Вы и ваши коллеги сочли возможным отвергнуть и осмеять мои сочинения, но я сумел найти более сочувственных читателей. Я написал компиляцию работ великого множества ученых, как древних, так и современных, чье мнение вы, несомненно, отвергнете, но тем не менее оно расширяет человеческое познание далеко за пределы того, что смогли создать вы и ваши друзья. Ваша работа конечна по самой своей природе, и, поспособствовав завоеванию вами уважения, она все же будет забыта. Задача же, которую поставил перед собой я, безгранична по своему охвату. Другие продолжат ее после моей смерти. Ее значение не уменьшится никогда. Вы и ваши коллеги тщились свести все к нескольким бессмысленным аксиомам, мы же, напротив, стремимся построить целую вселенную.
— И что означает это письмо? — спросил Пфиц у незнакомца.
— Не знаю. Полагаю, что я — всего-навсего эмиссар автора, но верными могут оказаться и другие толкования.
— И что вы намерены делать теперь, когда наполнили баклагу водой, а желудок супом?
— Во-первых, поблагодарить вас за гостеприимство, а во-вторых, отправиться дальше в надежде, что в конце концов мне удастся добраться до места, где мне станет ясным смысл моей миссии.
Прежде чем уйти, он показал Пфицу еще один из своих документов. Это был обзор чужеземных языков и обычаев, ремесел и техники, а также описание того воображаемого города, откуда, по его предположениям, прибыл чужеземец. Среди прочего Пфиц прочел вот что:
Самым достопримечательным украшением башни являются астрономические часы, которые, естественно, привлекают внимание каждого, кто дает себе труд осмотреть площадь и строения, окружающие ее. Сама башня и ратуша, примыкающие друг к другу весьма красивы, но не представляют собой ничего исключительного, напоминая по архитектуре все прочие здания такого рода. Часы, однако, представляются единственным в своем роде чудом, уникальным по конструкции и совершенным по исполнению.
Установленные на башне механизмы, бьющие в колокола, поднимающие клинки и вообще оживающие через заданные промежутки времени, суть не что иное, как искусные игрушки, созданные на потеху черни. Скульптурный скелет, каждый час взмахивающий косой, весьма удачно воплощает древнее предостережениеmemento топ, но в действительности он не более чем декорация, отвлекающая внимание от непостижимо сложного циферблата (точнее сказать, множества связанных между собой циферблатов). Стоят здесь также воины, которые каждый час после явления скелета выступают вперед и беззвучно и абсолютно не воинственно скрещивают алебарды. Это тоже не более чем низменная потеха для тех, кто не в состоянии понять сложность механизма и его работы. Если и можно вывести какую-то мораль из бесконечно повторяющихся бессмысленных движений, то заключается она в том, что те, кто восхищается ими, сами суть не что иное, как части большего механизма, столь же невидимого для них, как невидимы часы для украшающих их немых деревянных фигурок.
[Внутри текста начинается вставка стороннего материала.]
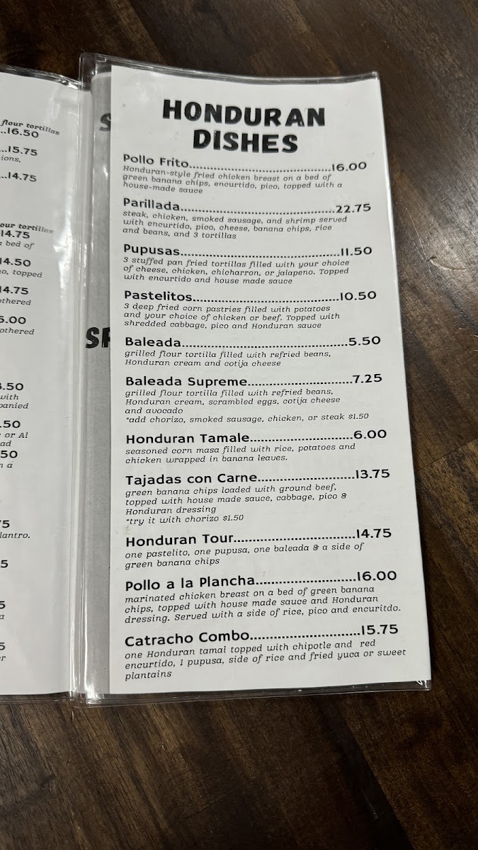One Honduran tamale with encurtido One cheese pupusa Side of rice, refried or black beans Side of yuca or plantains or both (+$1)

Посмотрев на часы, можно узнать не только текущее время, но и дату, которую указывает стрелка, ползущая вдоль наружного края циферблата со скоростью один оборот в год. Времена года указывает медленно меняющаяся картина, установленная в прорези лимба, там же показано время восхода и захода солнца. На часах отображается великое множество сведений, и такое их обилие возможно единственно благодаря тому, что на циферблате нет обычных стрелок, вращающихся вокруг центра. Вместо них лимб часов содержит (или, лучше сказать, заключает в себе) набор неконцентрических движущихся дисков, которые, частично перекрывая друг друга, соединены между собой весьма сложными и хитроумными способами. Нужные сведения можно почерпнуть, рассматривая места пересечений дисков.